Use takeWhile method from Range
The symptoms: I have a file with ~1 million rows, 125 columns. It takes ~12 seconds to count lines with spark-excel's API V1 and ~2 minutes with API V2.
The issue:
-
Rangedoes not contain own optimized methodfilter, that's why it uses method fromTraversableLikewhich iterates over each number in range. -
r.getLastCellNumevaluated for each number in range.
Here are some rough benchmarks with another file: filter => 50 seconds val lastCellNum => 38 seconds withFilter => 20 seconds takeWhile => 12 seconds API V1 => 12 seconds (File taken from here and manually converted to "xlsx")
PS. API V2 seems great! :)
Hi @EnverOsmanov, thanks for the PR!
I'm slightly worried that .takeWhile slightly modifies the semantics to stop after having found the first non-matching index.
At the moment this doesn't matter because we're using a Range where the colInds are sorted, but should someone change this to an unsorted Seq[Int] it would break silently.
Of course the real performance benefit outweighs the maybe-in-some-not-too-likely-future-scenario breakage, but if you find a fast version with identical semantics it would be nicer.

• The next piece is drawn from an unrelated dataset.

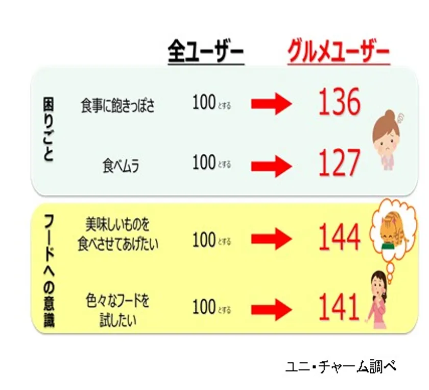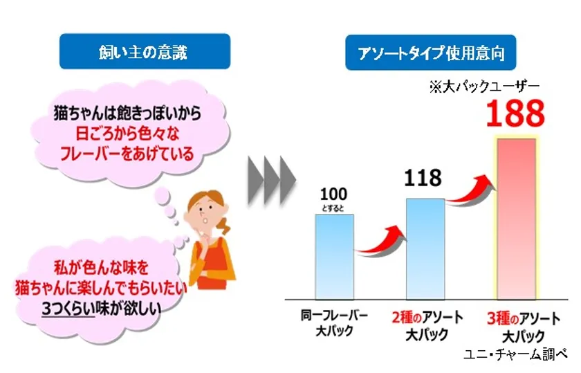 猫用フード市場は増加傾向にあり、2019年は前年と比較して102%成長しています。また、約80%が室内で飼育されていることから、猫と過ごす時間も長くなり、食事に対する意識も高まっています。特に、食事に対して気を遣う“グルメユーザー”は、猫ちゃんの「食事のあきっぽさ・食べムラ」に困っており、「美味しいものを食べさせてあげたい・色々なフードを試してみたい」という意識が高く、アソートタイプに対して高い使用意向を示しています。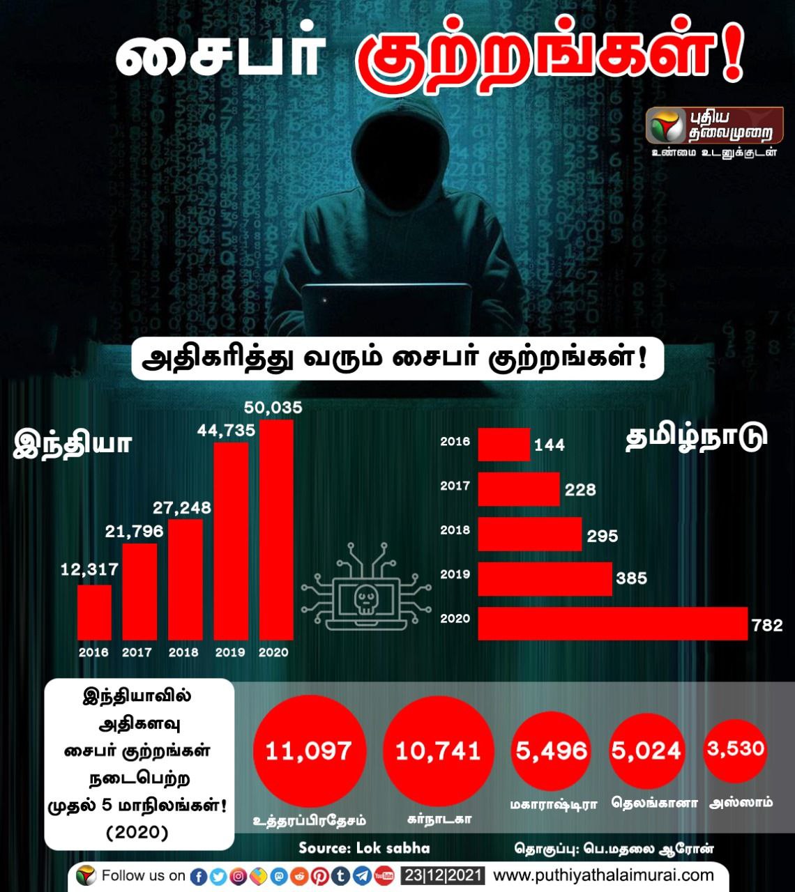 உலகம் டிஜிட்டல் மயமாகிவருகிறது. இந்தியாவும் டிஜிட்டல் மயத்தை விரைவுப்படுத்திக் கொண்டிருக்கிறது. இதில் டிஜிட்டல் குற்றங்களும் வருடந்தோறும் அதிகமாகி கொண்டே வருகின்றன. 2016-ல் 12317 குற்றங்களும், 2017ல் 21796 குற்றங்களும், 2018ல் 27248 குற்றங்களும், 2019ல் 44735 குற்றங்களும், 2020ல் 50035 பெருகியுள்ளன. ஐந்து ஆண்டுகளில் 400% அதிகமாகி இருப்பதை கவனியுங்கள். டிஜிட்டல் குற்றங்களுக்கு எங்கு, யாரிடம் புகார் தருவது என மக்களுக்கு புரிபடவில்லை. இந்த டேட்டாவை தருபவர்களே 99% டிஜிட்டல் குற்றங்கள் பதிவு செய்யப்படுவதில்லை. இந்த குற்றங்களில் குற்றவாளிகளை பிடிப்பதும், பணத்தை மீட்பதும் சவாலாக இருக்கிறது என்பதையும் சேர்த்தே சொல்கிறார்கள்.

Could you maybe try the following?
val lastCellNum = r.getLastCellNum
colInd
.iterator
.filter(_ < lastCellNum)
If coldInd would be unsorted Seq[Int] and some columns would be missing, it should break test cases.
Benchmarks: .iterator.filter => 31 seconds .view.filter => 2 minutes
Here is the code how I read the data.
Btw, I just checked the content of colInd for the file and I see that it is "1 to 16383" while lastCellNum is 23. The reason of big range is that I specified in "dataAddress" only the starting cell.
The alternative approach to avoid iteration over full colInd is in API V1:
.map(_.cellIterator().asScala.filter(c => colInd.contains(c.getColumnIndex)).toVector)
But I'm not exactly sure what was the idea behind the change in V2.
Hmm, maybe it is to be able to do the
r.getCell(_, MissingCellPolicy.CREATE_NULL_AS_BLANK)
@quanghgx could you chime in here?
If colInd would be unsorted Seq[Int] we should sort it once. Otherwise we would be filtering on full collection for each row.